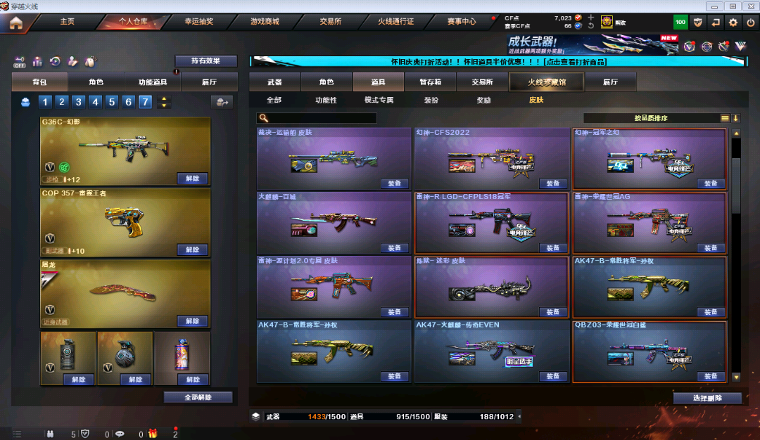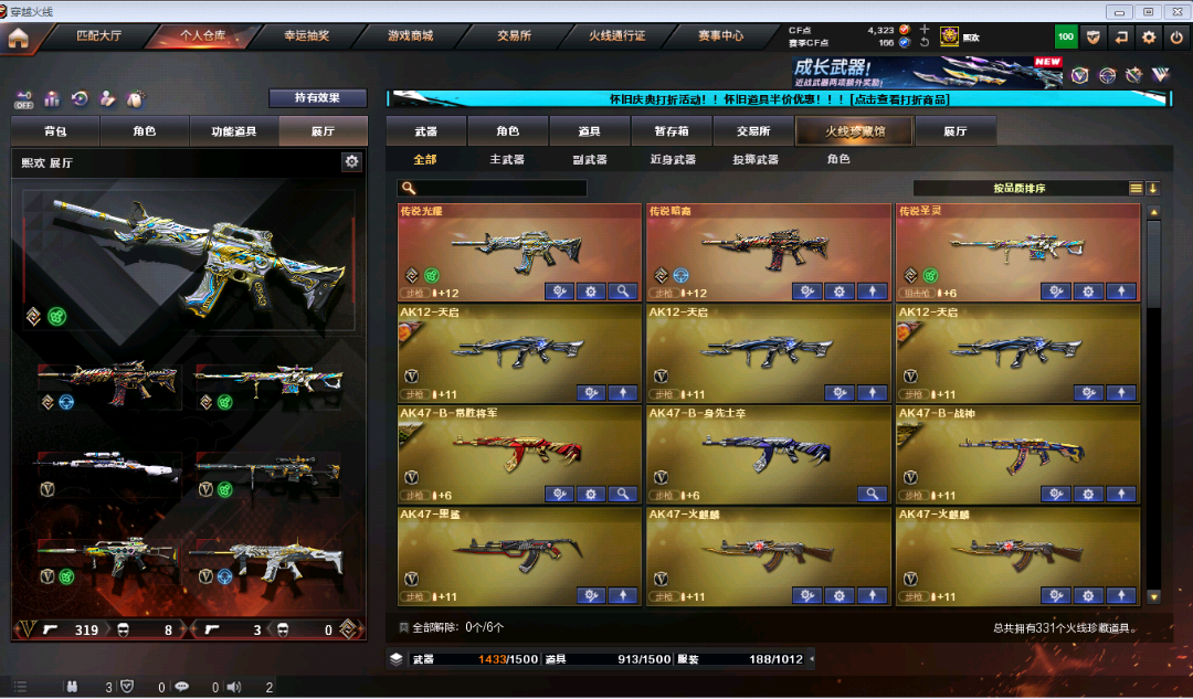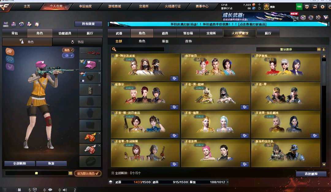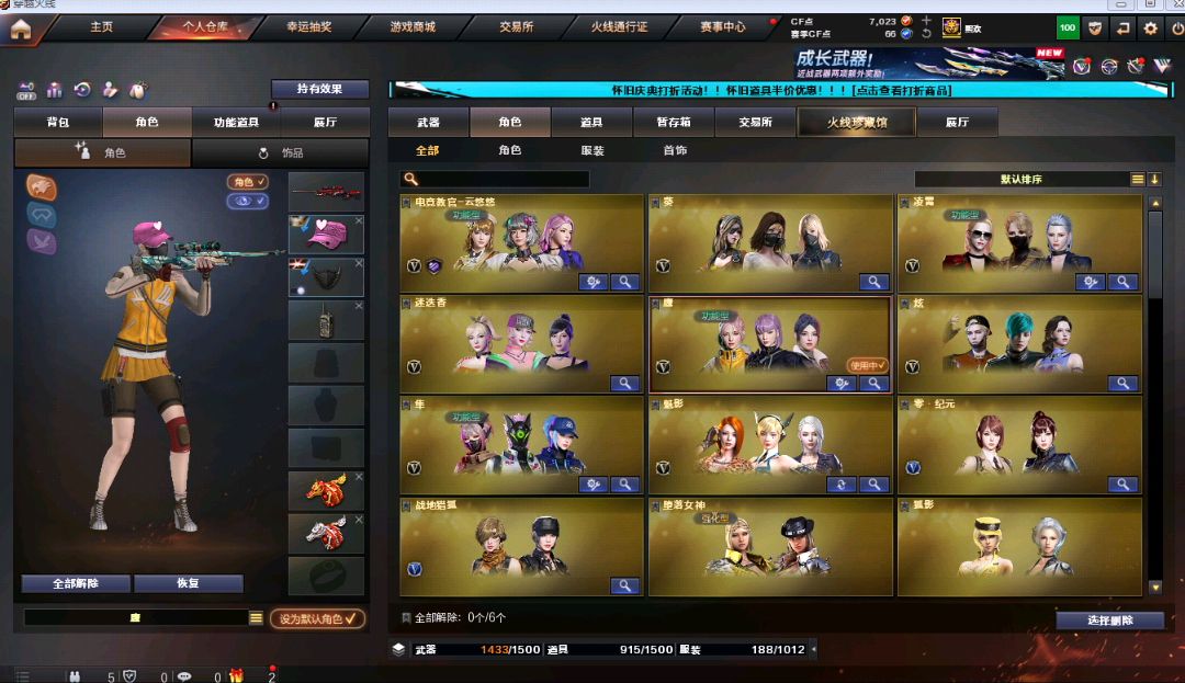 【角色】电竞教官-云悠悠,葵。凌霄,迷迭香,鹰,炫,隼,魅影,战地烈狐,堕落女神。狐影。奇洋探员,乔伊教练,蛇隐宗,王者-葵-貂蝉,王者-零,王者-瞳-闭月羞花,王者-魅影,王者葵-惊若翩鸿,王者零-华冠丽服,王者涂鸦,新海报突击队,雪域霜狐, 【主武器】传说光耀,传说暗裔,传说圣灵,M200-幻神,M4A1-千变,AK47-火麒麟,M4A1-黑龙,AK47-麒麟,M4A1-雷神,M4A1-黑骑士,AK47-无影,M4A1-死神,AK47-黑武士,AK12-天启,AN94-超新星,M4A1-武圣,AK47-机械迷城,AK47-黑鲨,如果弹出设备锁不用撤单三分钟内解除 M4A1-龙血,M4A1-雷霆,AK47-雷暴,M4A1-青龙,M4A1-堕天神,HK417-朱雀,无影-神兵利器,g36c-幻影,黑武士-锦绣游龙,金色蔷薇-古蛇迷踪,死神-雪域霜狐,M4A1-玫瑰精灵,QBZ03-金色蔷薇,Scar Linght-白虎,M4A1-夜魔,M4A1-猎神,9A-91-烈火,AK47-猩红传说,AK47-B-战神,AK47-B-战士,荣耀世冠-火麒麟,荣耀世冠-雷神,AK47-B-身先士卒,AK47-B-常胜将军,AWM-天龙,Barrett-毁灭,Barrett-极光,AWM-裁决。Barrett-雷霆,Barrett-朱雀,Kar98K-星神,M200-竞技荣光,Barrett-金色蔷薇,RPK-盘龙*7;加特林-炼狱*4,炼狱-悦蓝,汤姆逊-烈龙*7.AA-12-雷霆,炫金火麒麟,炫金无影,炫金雷神,炫金骑士,炫金毁灭,王者炎心,王者之心,王者之翼,王者火魄,QBZ03-王者蔷薇,M4A1-雷霆王者,王者火魄,王者之幻,王者之魄,王者之势,王者之武,Barrett-雷霆王者,王者之决,王者之力,王者之怒, 【副武器】沙鹰-修罗,沙鹰-天神,炫金修罗,COP 357-雷霆王者,USP-雷暴,COP-堕天神,破空枪刃-夜魔。柯尔特-竞技荣光,柯尔特-无冕之王,修罗-古蛇迷踪。荣耀世冠-柯尔特,王者之魂, 【近身武器】屠龙。龙啸, 擎天,麒麟刺、尼泊尔-雷霆,斩神刀-雷暴,麒麟刺-堕天神,龙啸-堕天神,马来剑-夜魔。幻灵之锋,擎天-竞技荣光,荣耀世冠-龙啸,雷霆王者之锋,王者之锋,王者之击,王者之啸, 【投掷武器】雷霆套,雷暴套,堕天神套,夜魔套,云龙套,幻灵套, 【音效卡】Kar98K-星神音效卡,M4A1-黑骑士音效卡,Barrett-毁灭音效卡,QBZ03-金色蔷薇音效卡,Scar Linght-白虎音效卡,M200-幻神音效卡,AK47-火麒麟音效卡,M4A1-雷神音效卡,Barrett-毁灭音效卡,死神-雪域霜狐音效卡, 【皮肤】幻神-CFS2022.幻神-冠军之幻,屠龙-星耀皮肤,QBZ03-CFS2024皮肤,金色蔷薇-量子蔷薇皮肤,黑骑士-白马银枪,龙啸-纸灯笼皮肤,屠龙-星火燎原,黑骑士-摸金校尉,白虎-巅峰荣耀皮肤,雷神-源计划2.0专属皮肤,火麒麟-百城,雷神-荣耀世冠AG,雷神-RL-GD-CFPLS18冠军,裁决-羽掣皮肤,QBZ03-巅峰荣耀皮肤,白虎-霓虹机甲皮肤,屠龙-惊鸿皮肤,修罗-星空,无影耀金皮肤,雷神-星空,黑骑士耀金皮肤,火麒麟-雷神。黑龙-暗月,擎天-蒸汽钟表皮肤,修罗-能量核心,天启-暗月,无影-暗月,毁灭-浙江百城皮肤,修罗-能量核心,黑龙-能量核心,毁灭-暗月,天神-暗月,修罗-能量核心,QBZ白鲨,雷神虎牙,,黑骑士马超,黑骑士AG,毁灭冠军,荣耀三件套等;USP-雷暴,柯尔特-无冕之王,荣耀世冠-柯尔特,隼,电竞教官-云悠悠,RPK-盘龙,QBZ03-金色蔷薇,
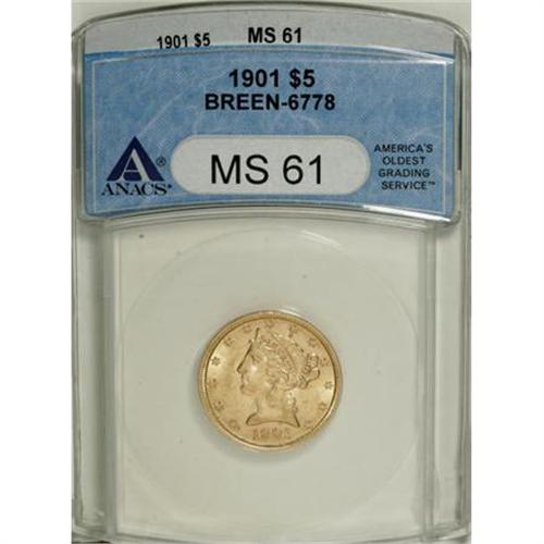 <B>1901 $5 MS61 ANACS.</B></I> Breen-6778. NGC Census: (831/2472). PCGS Population (329/1591). Mintage: 615,900. Numismedia Wsl. Price for NGC/PCGS coin in MS61: $310. (#8402)<BR><BR><B>Coin Engraver:</B> Christian Gobrecht<BR><BR><b>Shipping:</b> Coins & Currency (<a target="_blank" href="http://www.heritageauctions.com/common/shipping.php">view shipping information</a>)
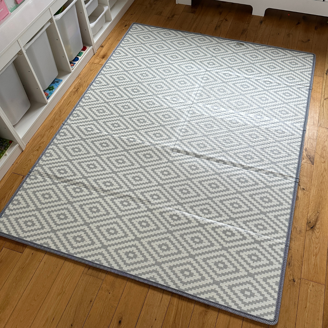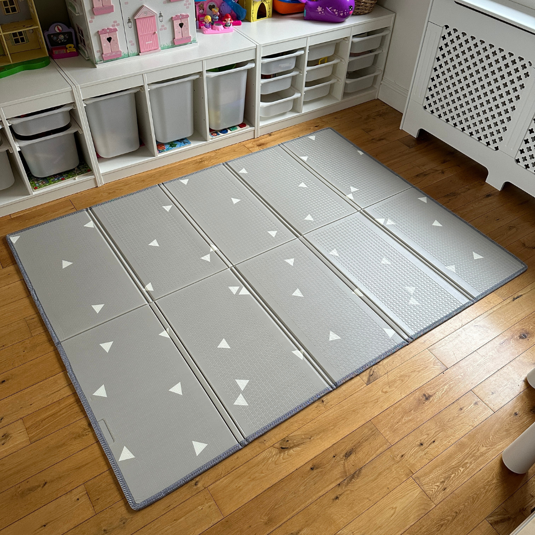 • Extra Large Baby Floor Mat - Large play mat can accommodate a family to enjoy happy moments together. Baby mats for floor play offer a soft, comfy spot for your little one to relax, play and work on their developing skills. Lightweight design, can be folded into a compact size, easy to store as it comes with a handy storage bag .
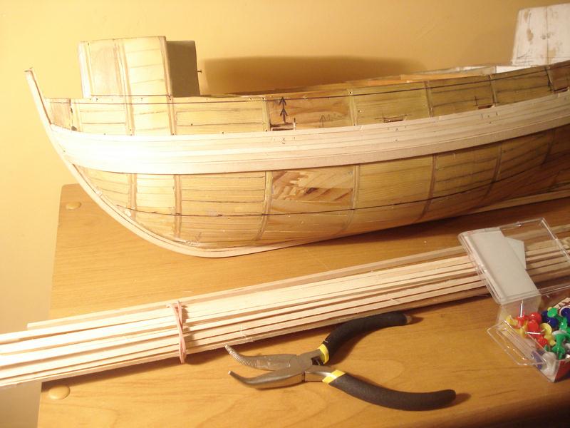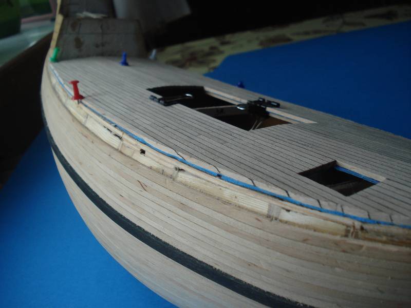 Witam. Powoli zaczynam brać się za wklejanie pokładów i przymiarek do poszycia. Zacząłem od listw odbojowych, po dwie z każdej burty. W sumie ten galeon ma 4 na każdej burcie lecz ja dałem na razie po dwie sztuki, listewki są tymczasowe, przyczepione(przybite na gwoździki). Zacząłem od tych listewek z tego względu żeby w miarę dokładnie rozmieścić otwory furt działowych, no a potem pomogą w układaniu poszycia.
::::
Leaving aside every picture, transcribe exactly the lines that run from the one with "<B>1901 $5 MS61" to the close of the listing above.

 <B>1901 $5 MS61 ANACS.</B></I> Breen-6778. NGC Census: (831/2472). PCGS Population (329/1591). Mintage: 615,900. Numismedia Wsl. Price for NGC/PCGS coin in MS61: $310. (#8402)<BR><BR><B>Coin Engraver:</B> Christian Gobrecht<BR><BR><b>Shipping:</b> Coins & Currency (<a target="_blank" href="http://www.heritageauctions.com/common/shipping.php">view shipping information</a>)
 • Extra Large Baby Floor Mat - Large play mat can accommodate a family to enjoy happy moments together. Baby mats for floor play offer a soft, comfy spot for your little one to relax, play and work on their developing skills. Lightweight design, can be folded into a compact size, easy to store as it comes with a handy storage bag .
 Witam. Powoli zaczynam brać się za wklejanie pokładów i przymiarek do poszycia. Zacząłem od listw odbojowych, po dwie z każdej burty. W sumie ten galeon ma 4 na każdej burcie lecz ja dałem na razie po dwie sztuki, listewki są tymczasowe, przyczepione(przybite na gwoździki). Zacząłem od tych listewek z tego względu żeby w miarę dokładnie rozmieścić otwory furt działowych, no a potem pomogą w układaniu poszycia.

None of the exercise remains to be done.